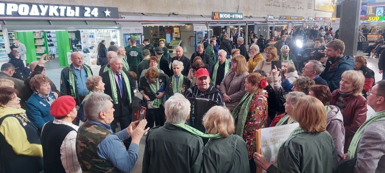 Большинство участников памятной акции – бойцы четырех линейных отрядов, которые были в составе первого сводного эшелона «Комсомолец Ленинграда». Они начали собираться в главном зале Московского вокзала в два часа дня – красивые пожилые люди в зеленых шарфах и со знаменами своих стройотрядов. Один из участников встречи приехал к старым друзьям с аккордеоном, на котором виртуозно играл. В итоге удивленные пассажиры Московского вокзала услышали хоровое исполнение песен «Мой адрес – Советский Союз», «Надежда» и множества других.
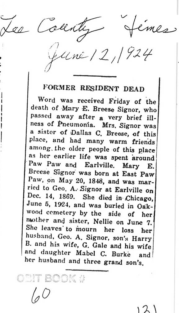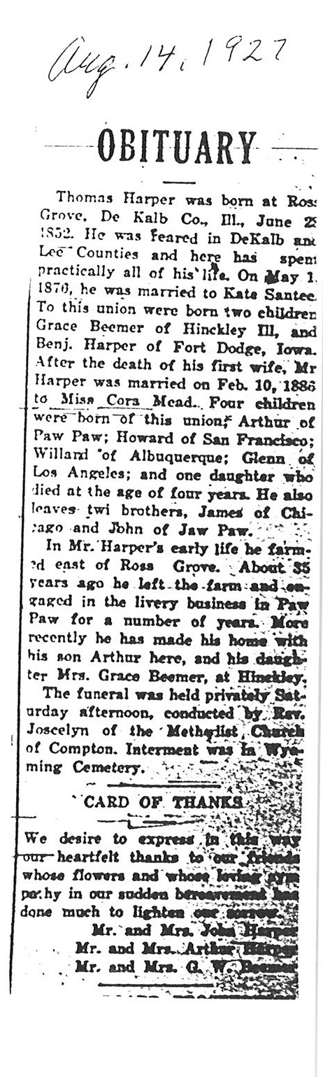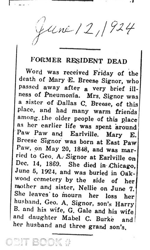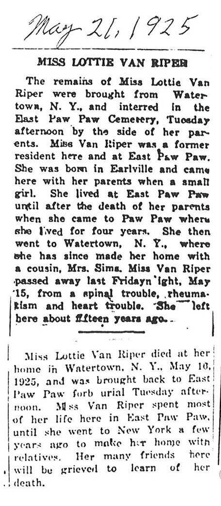 Buried in Wyoming Cemetery - Paw Paw, IL
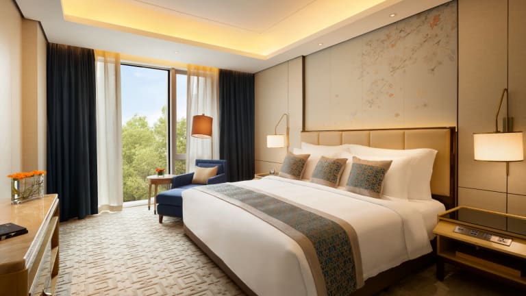 Die Zimmer und Suiten sind geschmackvoll eingerichtet und verfügen über einen Teeset sowie eine Kaffeemaschine. In einigen Zimmern erwarten die Gäste eine Sitzecke zur Entspannung. Bestimmte Einheiten bieten einen Blick auf den speziell gestalteten Aussenhochzeitsgarten. Für Gäste der Executive Zimmer oder Suiten werden spezielle Vorteile angeboten, darunter Frühstück, Nachmittags-Tee und Butler-Service.
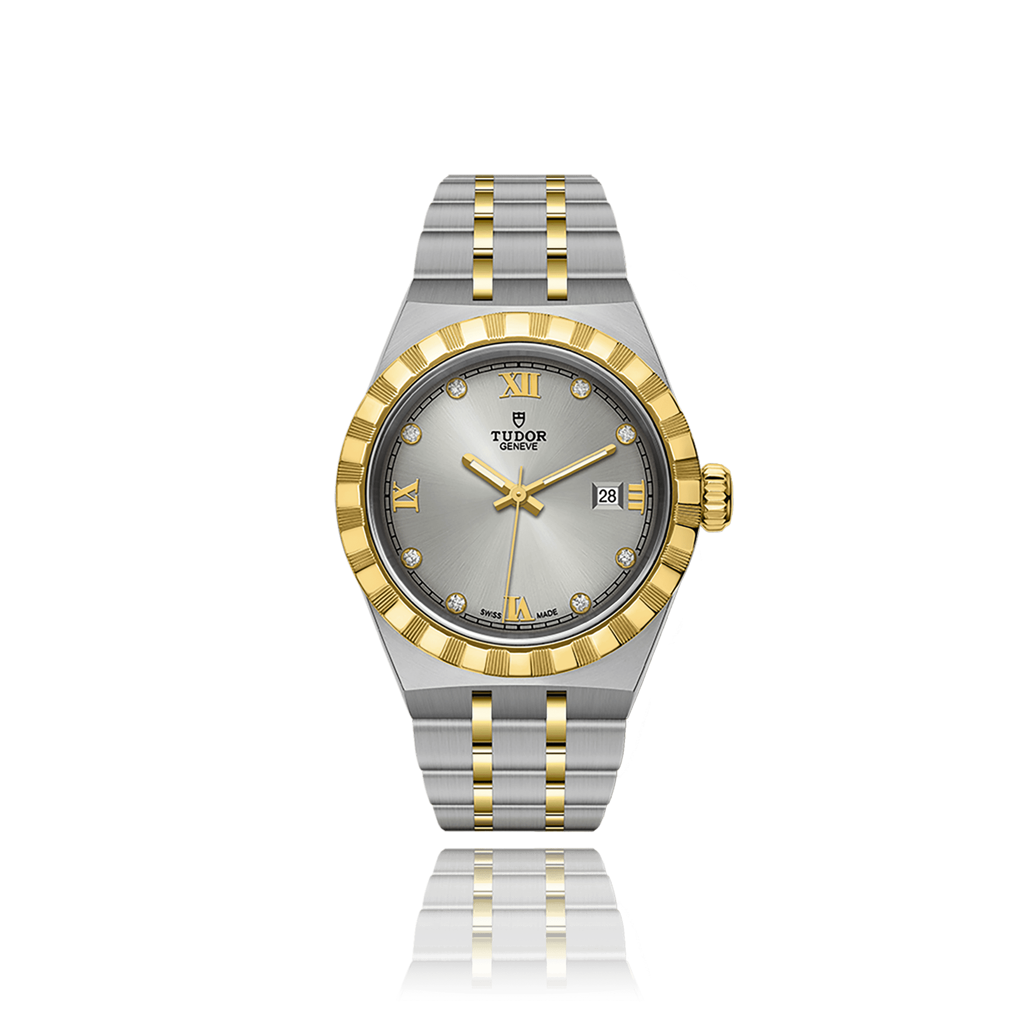 Wristwatch, TUDOR Royal Date 28, steel/yellow gold,. steel/gold bracelet, silver dial with roman / diamonds, automatic, Cal. T201, sapphire-crystal, 10 atm, Ref.:28303-91033
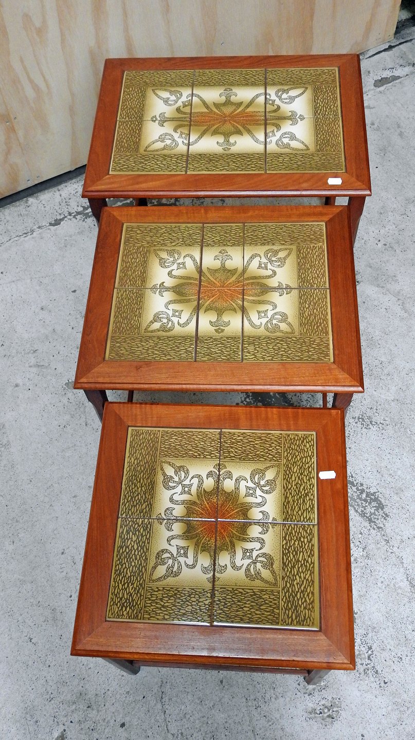 Indskudsborde i teaktræ med kakler. Dansk møbeldesign. Tre borde med mønstrede kakler i grøn og brune farver.
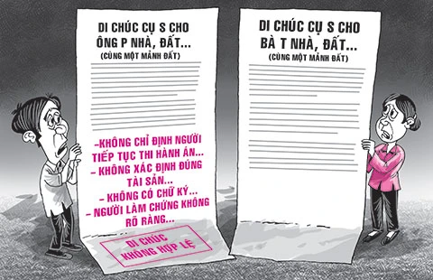 Theo tòa, đến ngày 30-11-2007, cụ Sa tiếp tục lập di chúc cho ông Phước, có dấu lăn tay của cụ và ba người làm chứng nhưng không chứng thực. Vào thời điểm lập di chúc thì cụ Sa là người có nghĩa vụ phải thi hành theo bản án dân sự đã có hiệu lực nên diện tích đất chỉ còn 206,2 m2 nhưng di chúc lại ghi ngang 8 m, dài 45 m là không đúng. Bà Pha ký tên làm chứng cũng không phù hợp. Như vậy, di chúc cụ Sa lập cho ông Phước không hợp pháp. Từ những căn cứ trên, tòa tuyên bác yêu cầu khởi kiện của ông Phước.
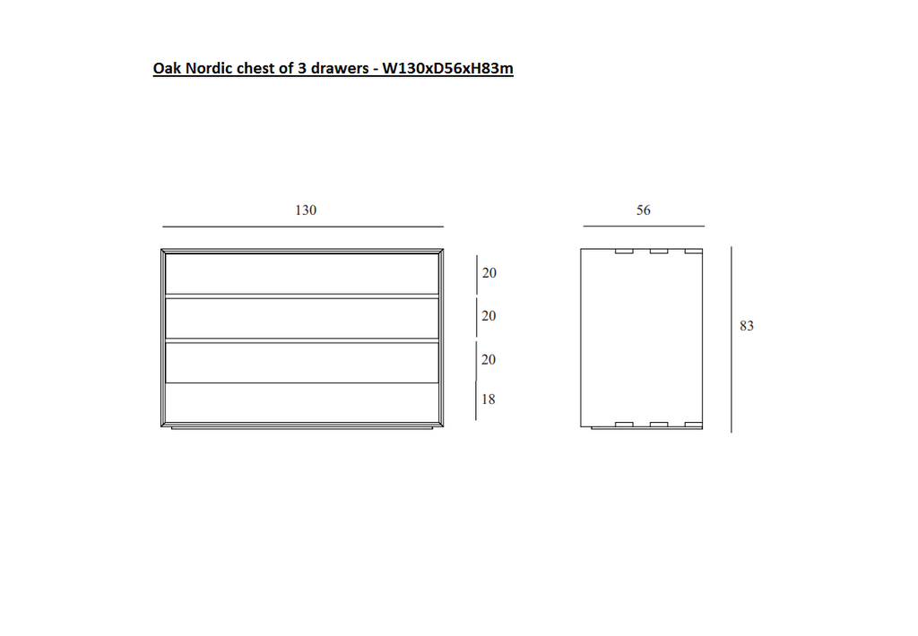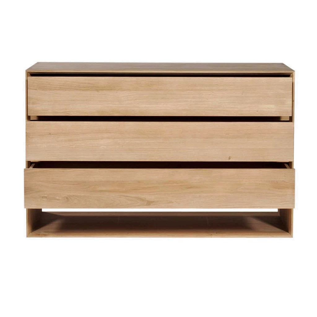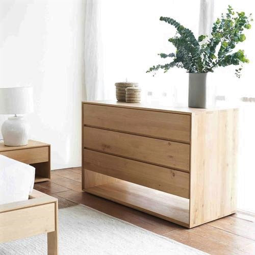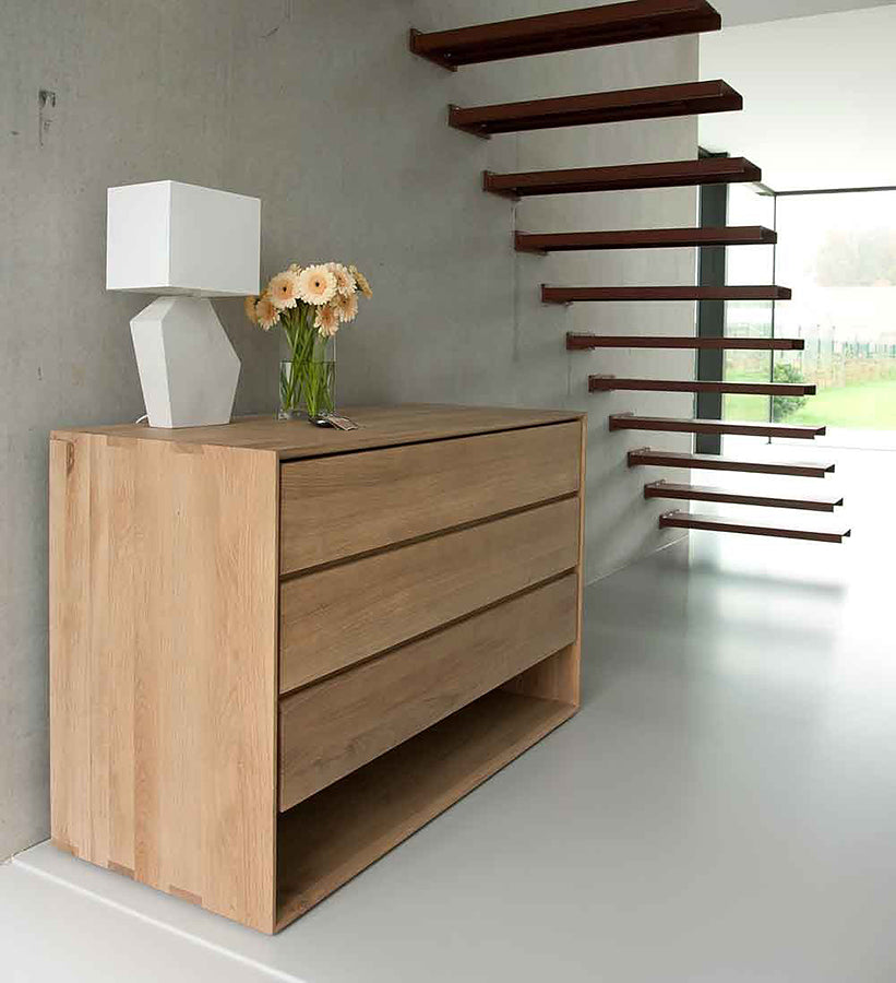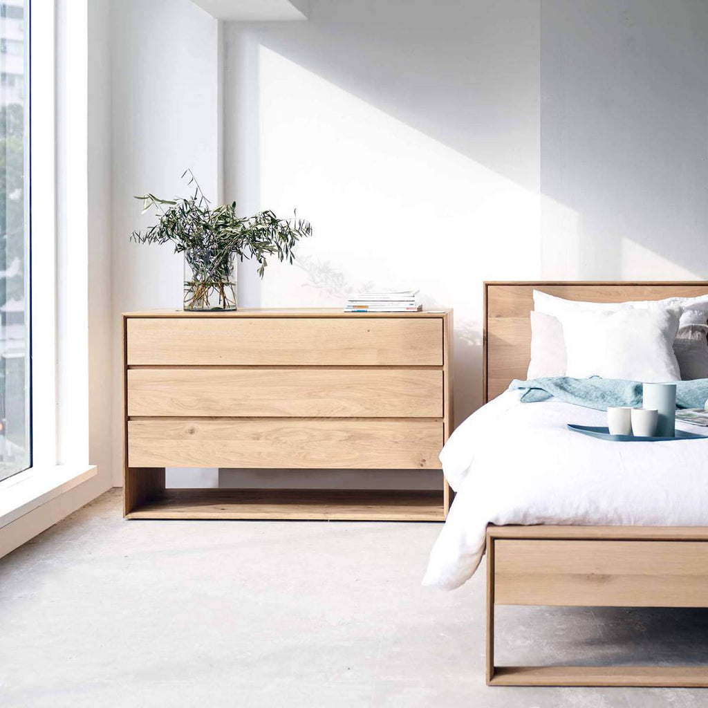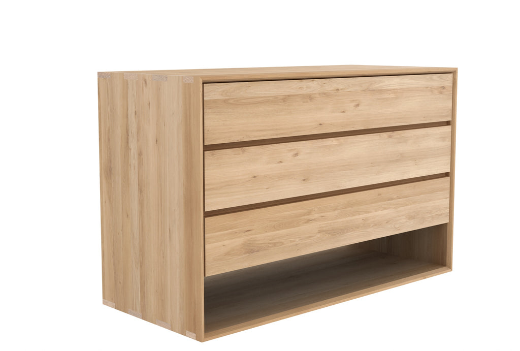 Our Nordic collection combines refined design with the purity of solid wood. The beveled edges gives this solid oak chest of drawers an extra edge, we would say. This chest of drawers is made from solid oak and features three drawers. Made from solid oak, with a hard-wax oil finish.

+ + + + +

• [DIRECTIONS]: From the first line above to the last, reproduce the records exactly but without the pictures.

• [OUTPUT]:
 Большинство участников памятной акции – бойцы четырех линейных отрядов, которые были в составе первого сводного эшелона «Комсомолец Ленинграда». Они начали собираться в главном зале Московского вокзала в два часа дня – красивые пожилые люди в зеленых шарфах и со знаменами своих стройотрядов. Один из участников встречи приехал к старым друзьям с аккордеоном, на котором виртуозно играл. В итоге удивленные пассажиры Московского вокзала услышали хоровое исполнение песен «Мой адрес – Советский Союз», «Надежда» и множества других.
 Buried in Wyoming Cemetery - Paw Paw, IL
 Die Zimmer und Suiten sind geschmackvoll eingerichtet und verfügen über einen Teeset sowie eine Kaffeemaschine. In einigen Zimmern erwarten die Gäste eine Sitzecke zur Entspannung. Bestimmte Einheiten bieten einen Blick auf den speziell gestalteten Aussenhochzeitsgarten. Für Gäste der Executive Zimmer oder Suiten werden spezielle Vorteile angeboten, darunter Frühstück, Nachmittags-Tee und Butler-Service.
 Wristwatch, TUDOR Royal Date 28, steel/yellow gold,. steel/gold bracelet, silver dial with roman / diamonds, automatic, Cal. T201, sapphire-crystal, 10 atm, Ref.:28303-91033
 Indskudsborde i teaktræ med kakler. Dansk møbeldesign. Tre borde med mønstrede kakler i grøn og brune farver.
 Theo tòa, đến ngày 30-11-2007, cụ Sa tiếp tục lập di chúc cho ông Phước, có dấu lăn tay của cụ và ba người làm chứng nhưng không chứng thực. Vào thời điểm lập di chúc thì cụ Sa là người có nghĩa vụ phải thi hành theo bản án dân sự đã có hiệu lực nên diện tích đất chỉ còn 206,2 m2 nhưng di chúc lại ghi ngang 8 m, dài 45 m là không đúng. Bà Pha ký tên làm chứng cũng không phù hợp. Như vậy, di chúc cụ Sa lập cho ông Phước không hợp pháp. Từ những căn cứ trên, tòa tuyên bác yêu cầu khởi kiện của ông Phước.
 Our Nordic collection combines refined design with the purity of solid wood. The beveled edges gives this solid oak chest of drawers an extra edge, we would say. This chest of drawers is made from solid oak and features three drawers. Made from solid oak, with a hard-wax oil finish.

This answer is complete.